Description of the task:
Copy every record exactly, leaving the pictures out.

Available data:
------------------------------
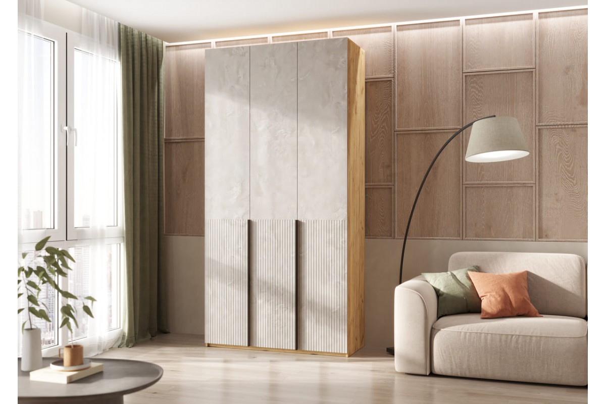 Шкаф распашной «Марвэл» 3-х дв высота 240 с доп ящиками (дуб крафт золотой - мальта)
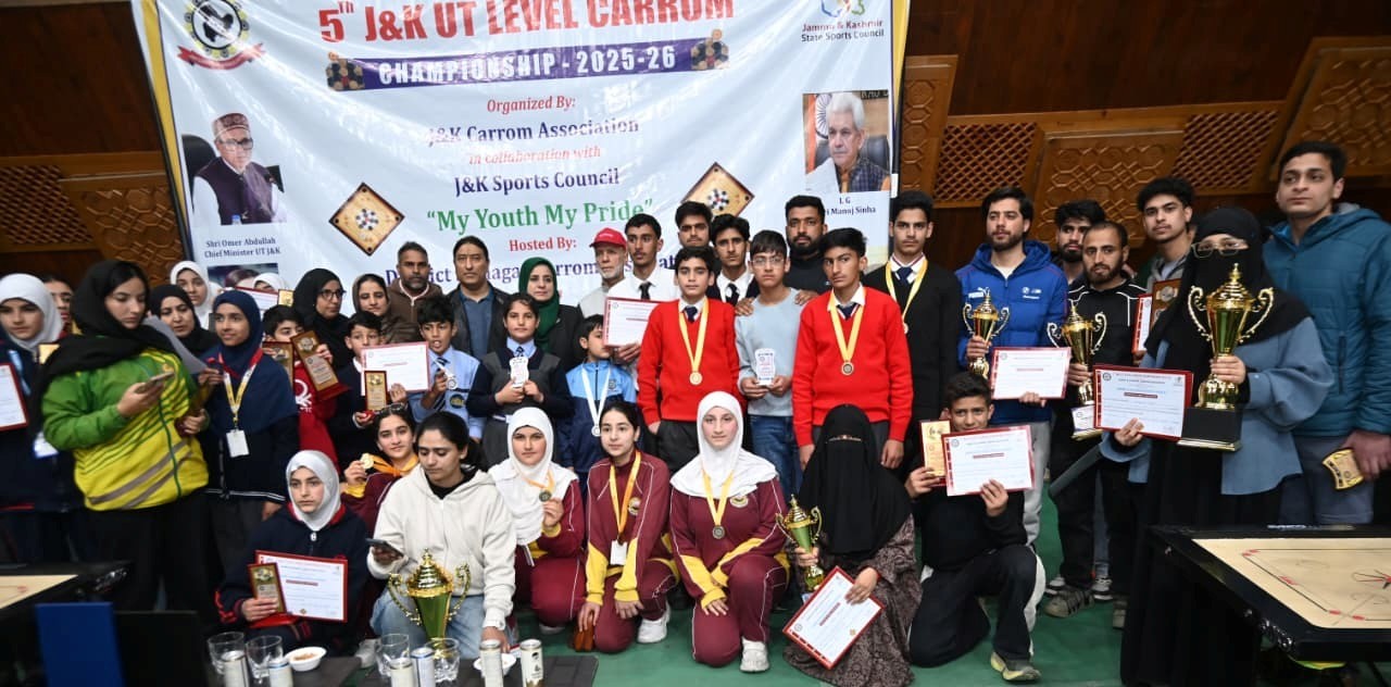 The 5th Jammu & Kashmir UT-Level Carrom Championship 2025–26 concluded successfully on Thursday at Sher-i-Kashmir Indoor Sports Complex, Wazirbagh, after three days of competitive play and enthusiastic participation.
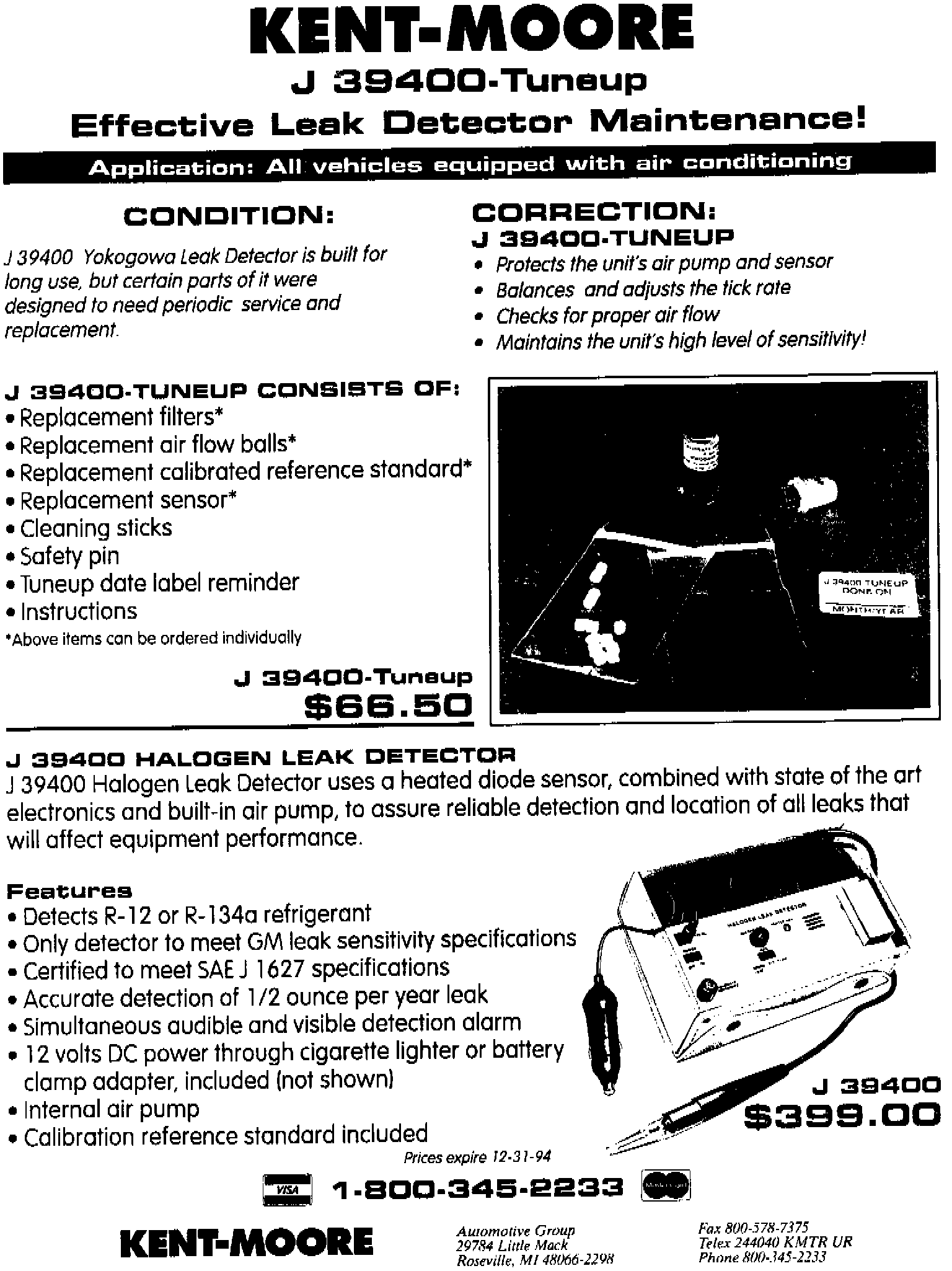 A new maintenance kit, P/N J 39400-TUNE-UP is available from Kent-Moore Tool, which contains the following:
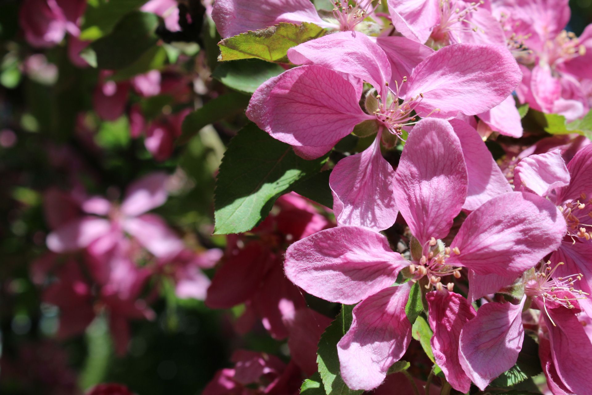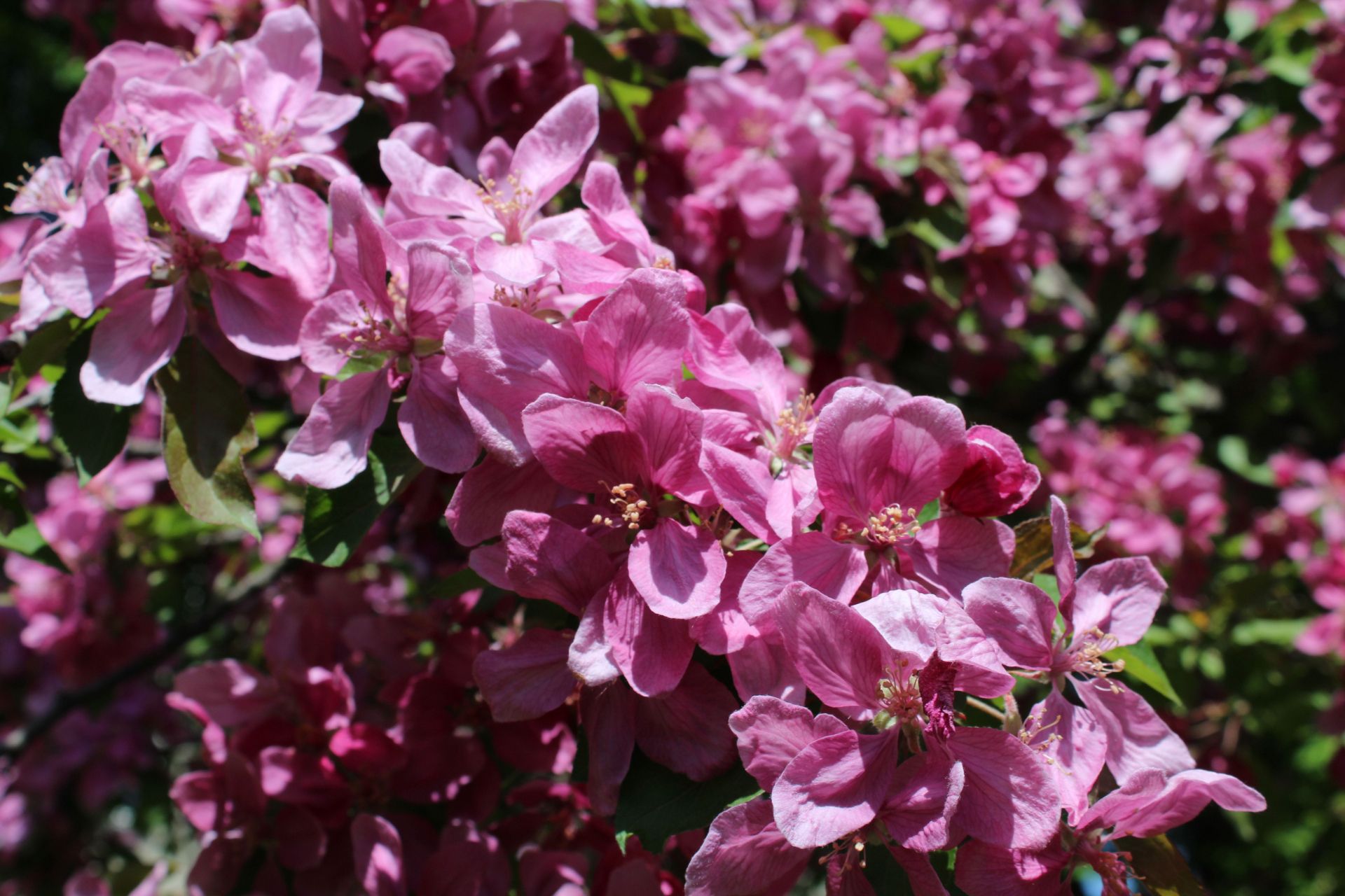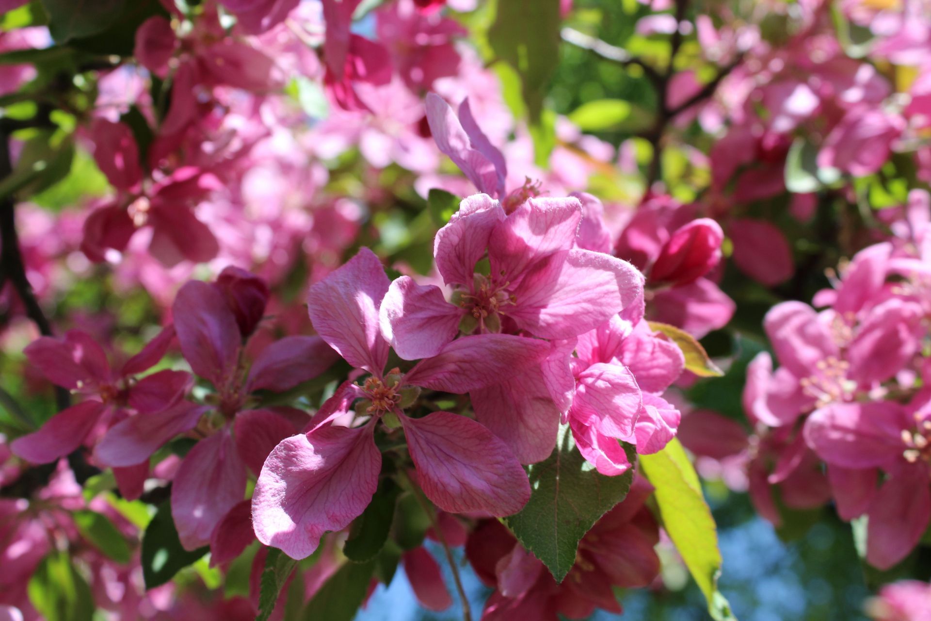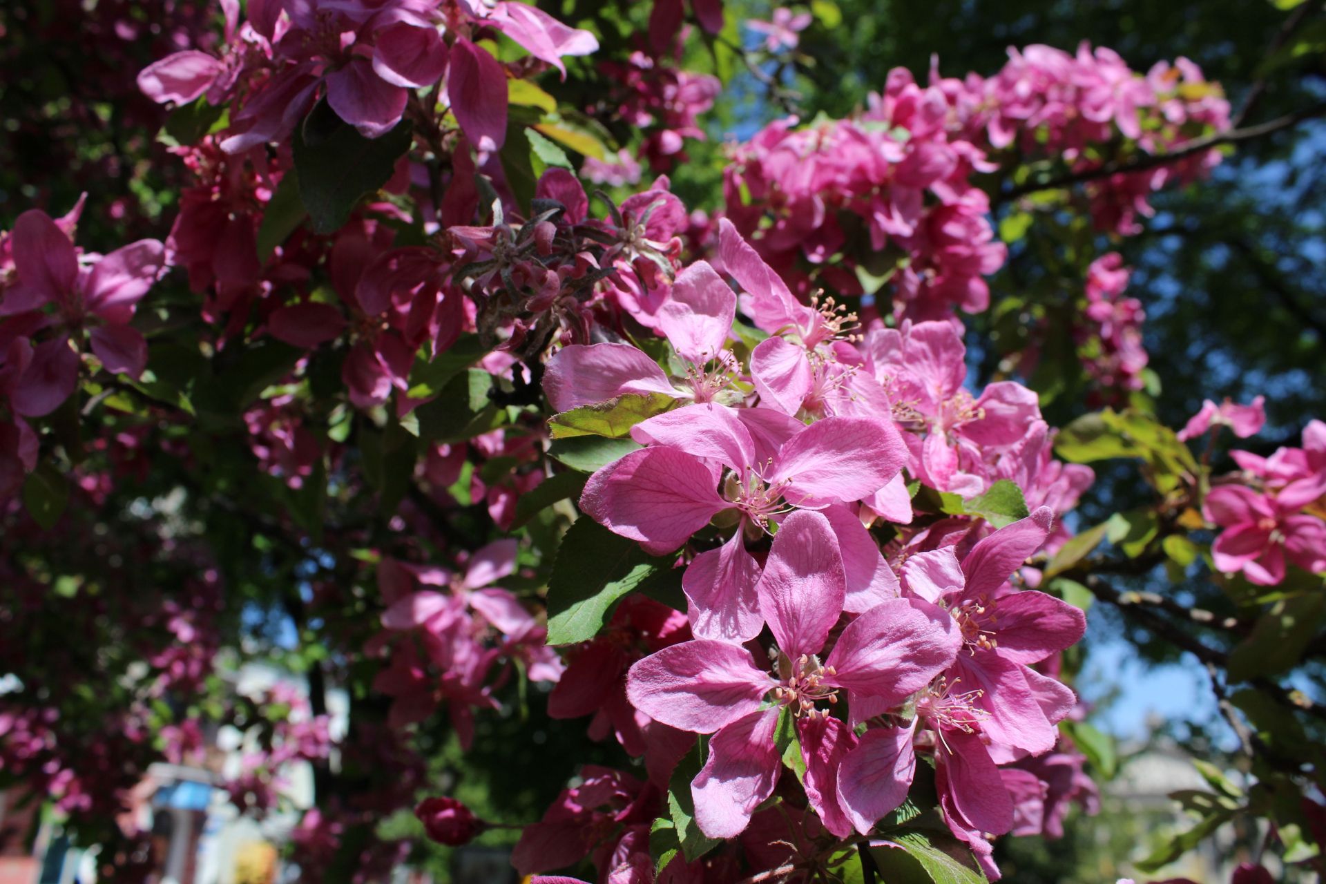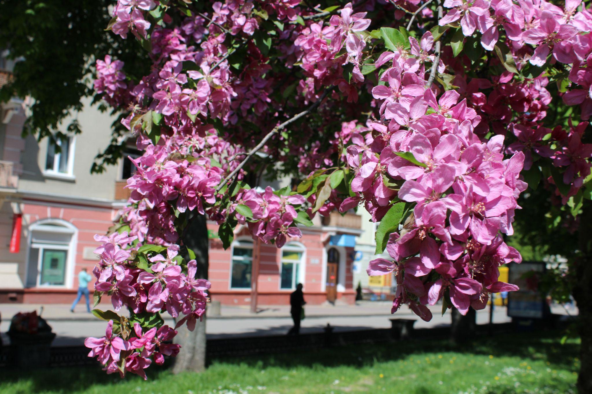 Неподалік ще раніше розпустились квіти яблуні Недзвецького. Яскраво-пурпурові бутони з ніжним запахом точно не залишать нікого байдужим.
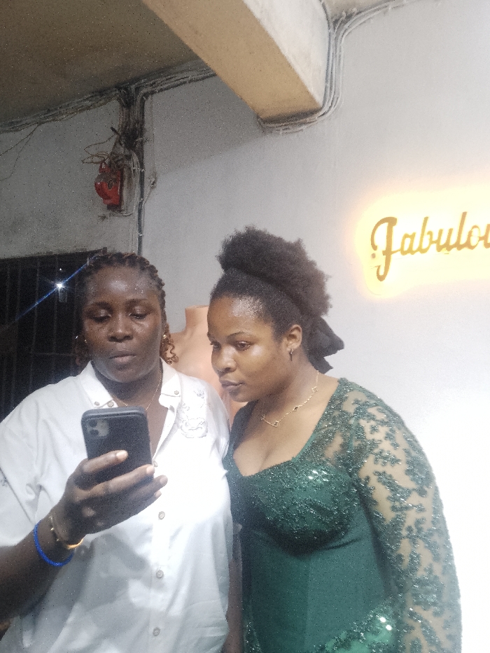 An indoor scene in Onitsha, Nigeria, depicts two women interacting with a smartphone
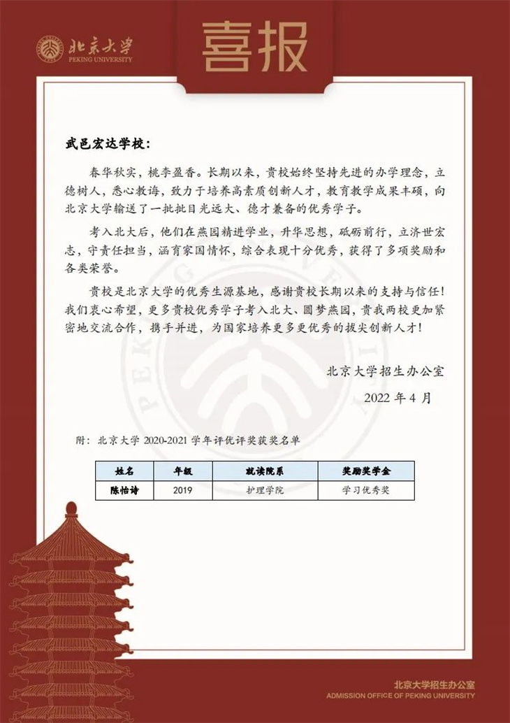 2022年,列害了!武邑宏达学校再次荣膺“清华大学2022年生源中学”奖牌,至此,连续七年,成为清华大学生源中学。
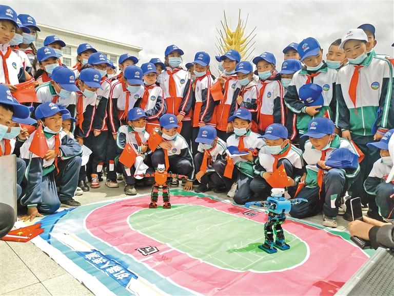 圖為啟動儀式現(xiàn)場,學(xué)生圍觀科技產(chǎn)品“機(jī)器人跳舞”的場景。記者 扎西頓珠 攝
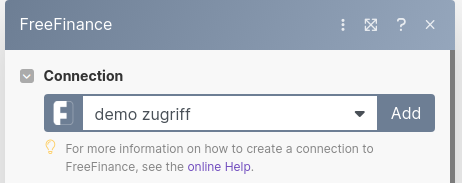 Diese Verbindung müssen Sie nur ein Mal einrichten - die Verbindung kann in allen FreeFinance-Modulen verwendet werden.
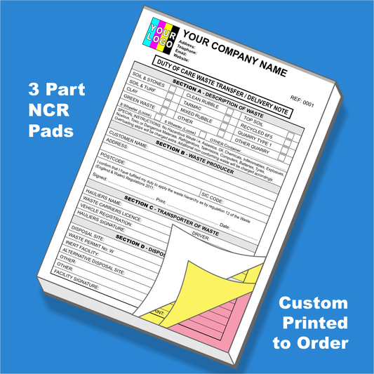 Duty of Care Waste Transfer Note NCR Pads Custom Printing
------------------------------
Result of the exercise:
 Шкаф распашной «Марвэл» 3-х дв высота 240 с доп ящиками (дуб крафт золотой - мальта)
 The 5th Jammu & Kashmir UT-Level Carrom Championship 2025–26 concluded successfully on Thursday at Sher-i-Kashmir Indoor Sports Complex, Wazirbagh, after three days of competitive play and enthusiastic participation.
 A new maintenance kit, P/N J 39400-TUNE-UP is available from Kent-Moore Tool, which contains the following:
 Неподалік ще раніше розпустились квіти яблуні Недзвецького. Яскраво-пурпурові бутони з ніжним запахом точно не залишать нікого байдужим.
 An indoor scene in Onitsha, Nigeria, depicts two women interacting with a smartphone
 2022年,列害了!武邑宏达学校再次荣膺“清华大学2022年生源中学”奖牌,至此,连续七年,成为清华大学生源中学。
 圖為啟動儀式現(xiàn)場,學(xué)生圍觀科技產(chǎn)品“機(jī)器人跳舞”的場景。記者 扎西頓珠 攝
 Diese Verbindung müssen Sie nur ein Mal einrichten - die Verbindung kann in allen FreeFinance-Modulen verwendet werden.
 Duty of Care Waste Transfer Note NCR Pads Custom Printing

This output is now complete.